• Search Research Projects
  • Search Researchers
  • How to Use
  1. Back to project page

2020 Fiscal Year Annual Research Report

ExaPath: Hierarchical Routing for Next-Gen Supercomputers and Beyond

Research Project

Project/Area Number 19H04119
Research InstitutionInstitute of Physical and Chemical Research

Principal Investigator

ドンケ イェンス  国立研究開発法人理化学研究所, 計算科学研究センター, 研究員 (70815480)
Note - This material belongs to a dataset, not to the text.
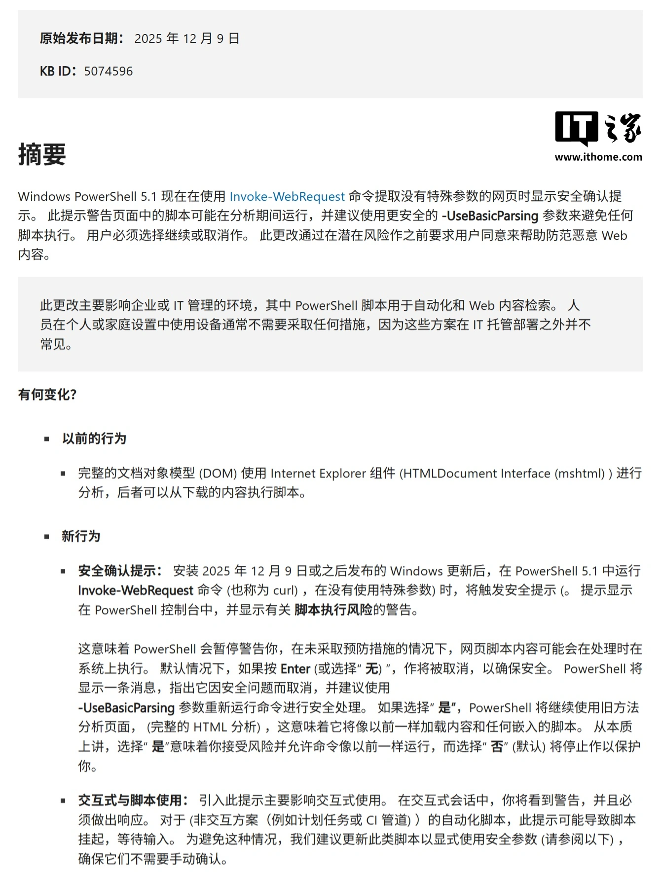 鉴于 PowerShell 5.1 是 Windows 10 的默认版本,此漏洞严重威胁通过命令行处理 Web 内容的用户。微软为彻底解决上述风险,调整了 Invoke-WebRequest 命令的执行逻辑。

Co-Investigator(Kenkyū-buntansha) 遠藤 敏夫  東京工業大学, 学術国際情報センター, 教授 (80396788)
Project Period (FY) 2019-04-01 – 2024-03-31
KeywordsHPC interconnects
Outline of Annual Research Achievements

In FY2020, the second year of the ExaPath project, we conducted two distinct studies for routing in HPC interconnects.
The first published paper of this FY is a survey of data center and supercomputer networks, which investigates various aspects related to how multi-pathing is implemented in those systems, what type of routing they deploy, and how effectively utilize them for extensive communication loads. The survey with the title "High-Performance Routing with Multipathing and Path Diversity in Supercomputers and Data Centers" was published in the IEEE Transactions on Parallel and Distributed Systems journal.
The second published work, a peer-reviewed poster, is based on a Bachelor's thesis of our intern from Tokyotech which was presented at the 3rd R-CCS International Symposium. This thesis and poster tackled the fault resiliency of lossless interconnects and how to perform rerouting of the network while preserving certain properties, such as deadlock-freedom.
Furthermore, we collaborated with researchers of ETH Zurich to develop a real Slimfly testbed and deploy the routing we developed in the previous FY. Simultaneously, we supervised with a colleague from ETH a second Bachelor's thesis with the topic of routing low-diameter topologies.
Lastly, we disseminated our research findings through invited talks at the ISC High Performance conference (ISC'20) in a focus session on 'Photonics & Interconnects' and discussed our work and related routing and network topics with colleagues from academia and industry at various meetings and conference.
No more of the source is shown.